Exercise instructions >>
Make a verbatim copy of all the records. Skip every image.

Material for this task >>

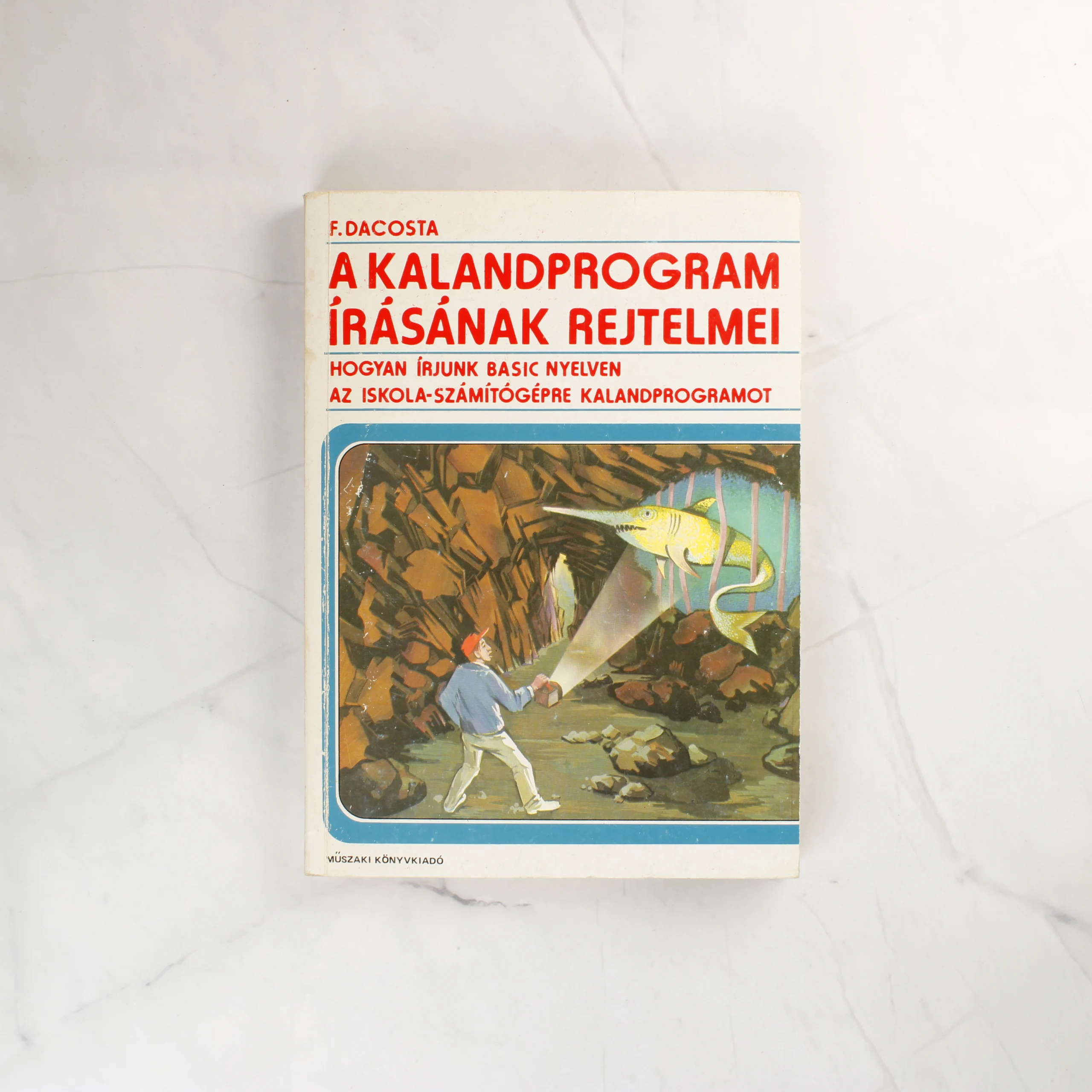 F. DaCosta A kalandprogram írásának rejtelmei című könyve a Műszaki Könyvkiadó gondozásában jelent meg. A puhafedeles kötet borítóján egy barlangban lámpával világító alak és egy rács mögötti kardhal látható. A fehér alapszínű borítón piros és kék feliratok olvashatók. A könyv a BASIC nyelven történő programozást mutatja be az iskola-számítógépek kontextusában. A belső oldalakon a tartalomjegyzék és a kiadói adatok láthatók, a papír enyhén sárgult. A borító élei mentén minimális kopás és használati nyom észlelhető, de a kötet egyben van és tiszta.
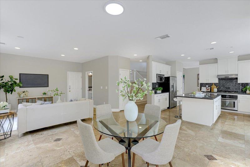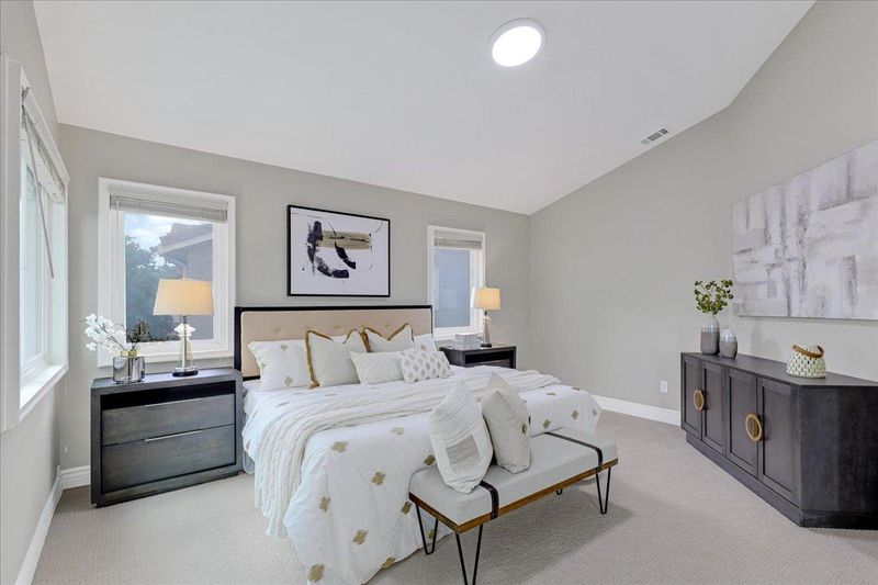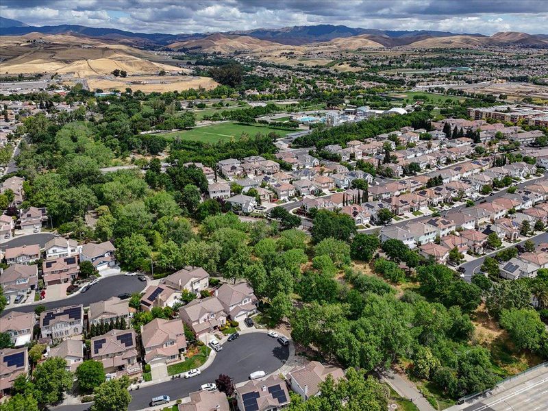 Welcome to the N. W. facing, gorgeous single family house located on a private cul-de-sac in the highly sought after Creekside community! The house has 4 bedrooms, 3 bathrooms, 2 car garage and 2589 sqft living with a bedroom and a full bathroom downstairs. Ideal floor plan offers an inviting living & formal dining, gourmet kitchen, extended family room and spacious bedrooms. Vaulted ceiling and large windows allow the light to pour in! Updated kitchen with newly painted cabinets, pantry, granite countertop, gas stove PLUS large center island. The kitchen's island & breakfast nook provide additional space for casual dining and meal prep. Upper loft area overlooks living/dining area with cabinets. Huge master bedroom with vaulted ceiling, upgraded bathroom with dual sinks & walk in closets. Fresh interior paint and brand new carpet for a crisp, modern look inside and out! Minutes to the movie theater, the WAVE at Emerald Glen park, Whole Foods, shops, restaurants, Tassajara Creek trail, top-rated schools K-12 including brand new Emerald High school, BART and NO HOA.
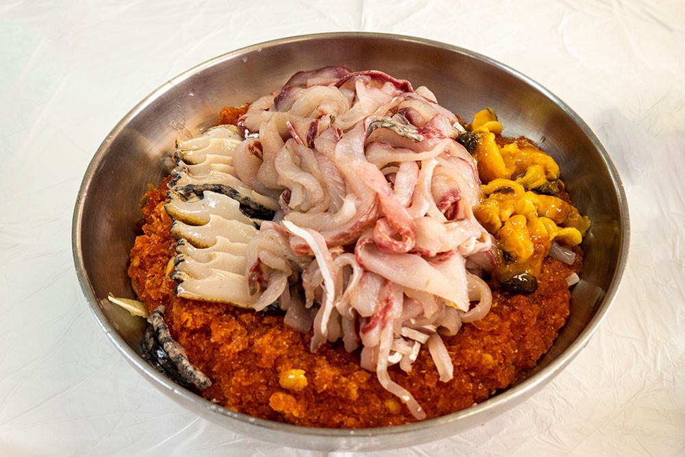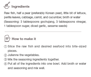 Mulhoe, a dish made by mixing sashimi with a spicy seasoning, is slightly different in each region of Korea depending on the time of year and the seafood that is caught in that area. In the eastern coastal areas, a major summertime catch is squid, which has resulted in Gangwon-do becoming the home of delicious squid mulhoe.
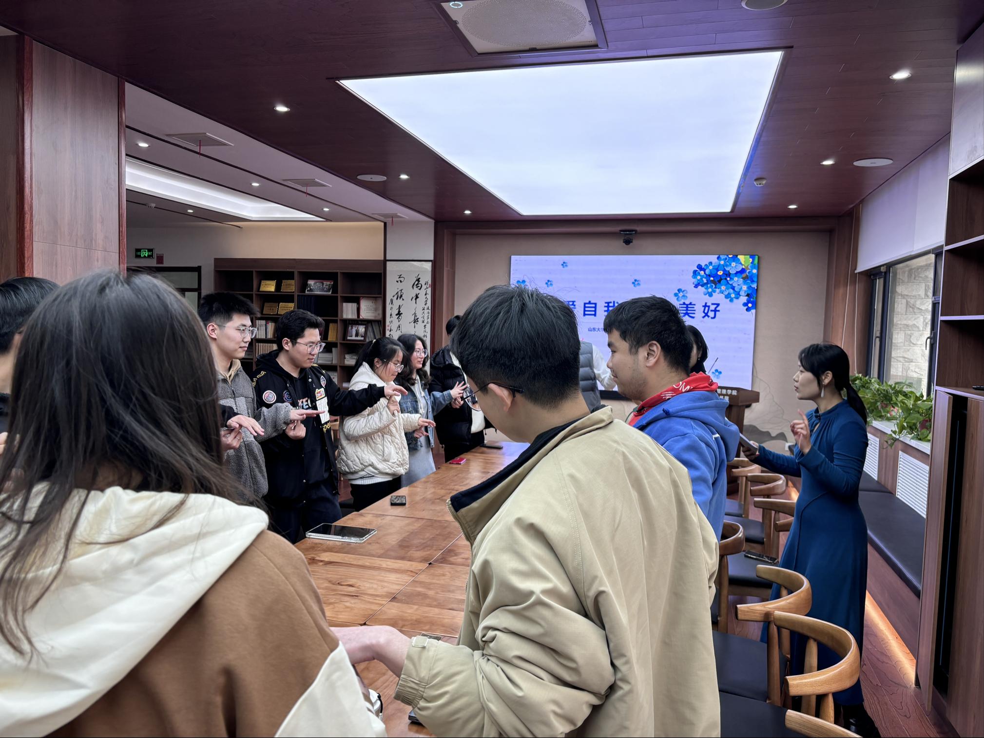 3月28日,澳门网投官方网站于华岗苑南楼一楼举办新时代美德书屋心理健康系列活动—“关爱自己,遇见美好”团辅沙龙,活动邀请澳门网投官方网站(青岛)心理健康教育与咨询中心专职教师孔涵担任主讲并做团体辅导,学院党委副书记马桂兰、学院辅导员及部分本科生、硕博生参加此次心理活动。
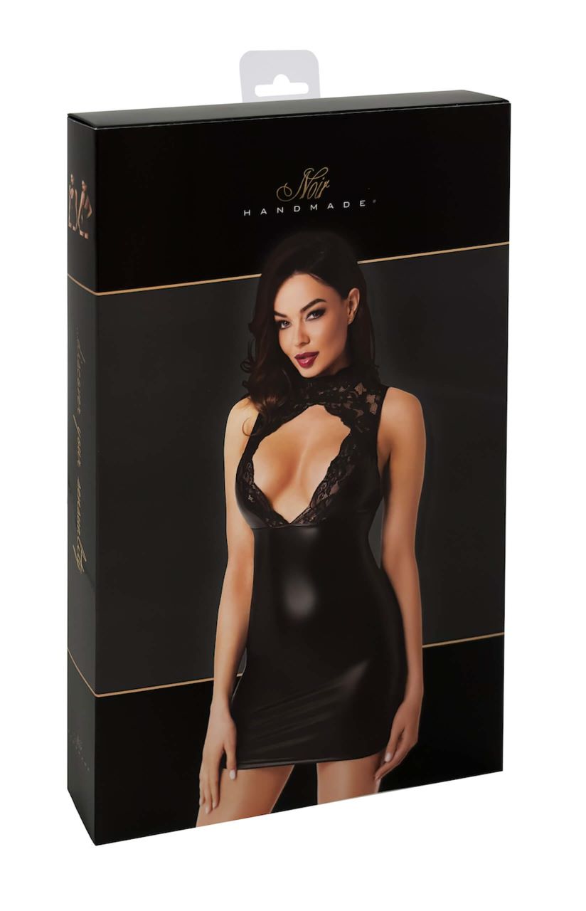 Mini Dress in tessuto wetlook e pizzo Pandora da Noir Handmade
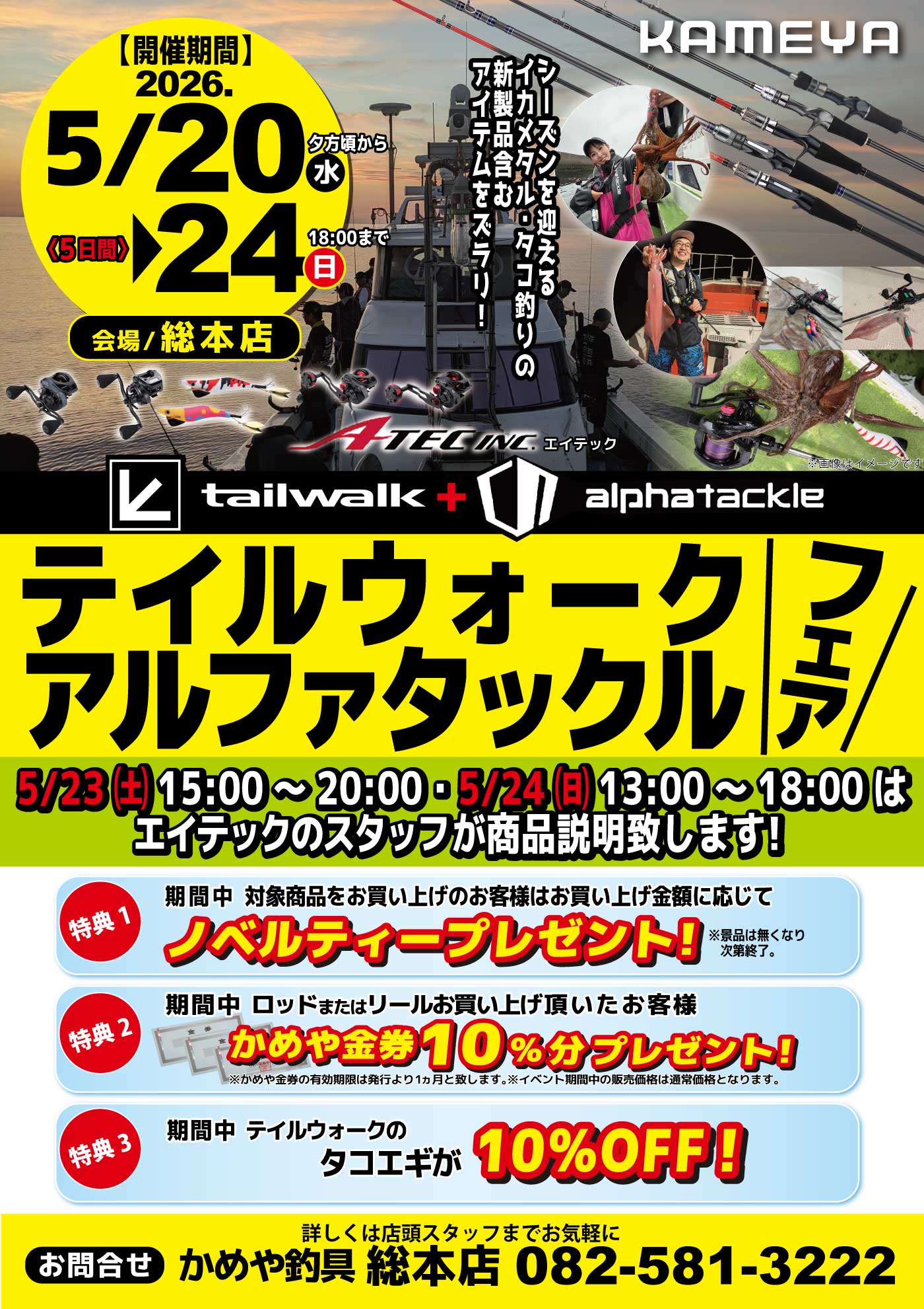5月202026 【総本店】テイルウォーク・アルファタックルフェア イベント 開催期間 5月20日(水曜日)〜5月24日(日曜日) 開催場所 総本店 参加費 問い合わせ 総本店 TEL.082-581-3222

Exercise response >>
 F. DaCosta A kalandprogram írásának rejtelmei című könyve a Műszaki Könyvkiadó gondozásában jelent meg. A puhafedeles kötet borítóján egy barlangban lámpával világító alak és egy rács mögötti kardhal látható. A fehér alapszínű borítón piros és kék feliratok olvashatók. A könyv a BASIC nyelven történő programozást mutatja be az iskola-számítógépek kontextusában. A belső oldalakon a tartalomjegyzék és a kiadói adatok láthatók, a papír enyhén sárgult. A borító élei mentén minimális kopás és használati nyom észlelhető, de a kötet egyben van és tiszta.
 Welcome to the N. W. facing, gorgeous single family house located on a private cul-de-sac in the highly sought after Creekside community! The house has 4 bedrooms, 3 bathrooms, 2 car garage and 2589 sqft living with a bedroom and a full bathroom downstairs. Ideal floor plan offers an inviting living & formal dining, gourmet kitchen, extended family room and spacious bedrooms. Vaulted ceiling and large windows allow the light to pour in! Updated kitchen with newly painted cabinets, pantry, granite countertop, gas stove PLUS large center island. The kitchen's island & breakfast nook provide additional space for casual dining and meal prep. Upper loft area overlooks living/dining area with cabinets. Huge master bedroom with vaulted ceiling, upgraded bathroom with dual sinks & walk in closets. Fresh interior paint and brand new carpet for a crisp, modern look inside and out! Minutes to the movie theater, the WAVE at Emerald Glen park, Whole Foods, shops, restaurants, Tassajara Creek trail, top-rated schools K-12 including brand new Emerald High school, BART and NO HOA.
 Mulhoe, a dish made by mixing sashimi with a spicy seasoning, is slightly different in each region of Korea depending on the time of year and the seafood that is caught in that area. In the eastern coastal areas, a major summertime catch is squid, which has resulted in Gangwon-do becoming the home of delicious squid mulhoe.
 3月28日,澳门网投官方网站于华岗苑南楼一楼举办新时代美德书屋心理健康系列活动—“关爱自己,遇见美好”团辅沙龙,活动邀请澳门网投官方网站(青岛)心理健康教育与咨询中心专职教师孔涵担任主讲并做团体辅导,学院党委副书记马桂兰、学院辅导员及部分本科生、硕博生参加此次心理活动。
 Mini Dress in tessuto wetlook e pizzo Pandora da Noir Handmade
5月202026 【総本店】テイルウォーク・アルファタックルフェア イベント 開催期間 5月20日(水曜日)〜5月24日(日曜日) 開催場所 総本店 参加費 問い合わせ 総本店 TEL.082-581-3222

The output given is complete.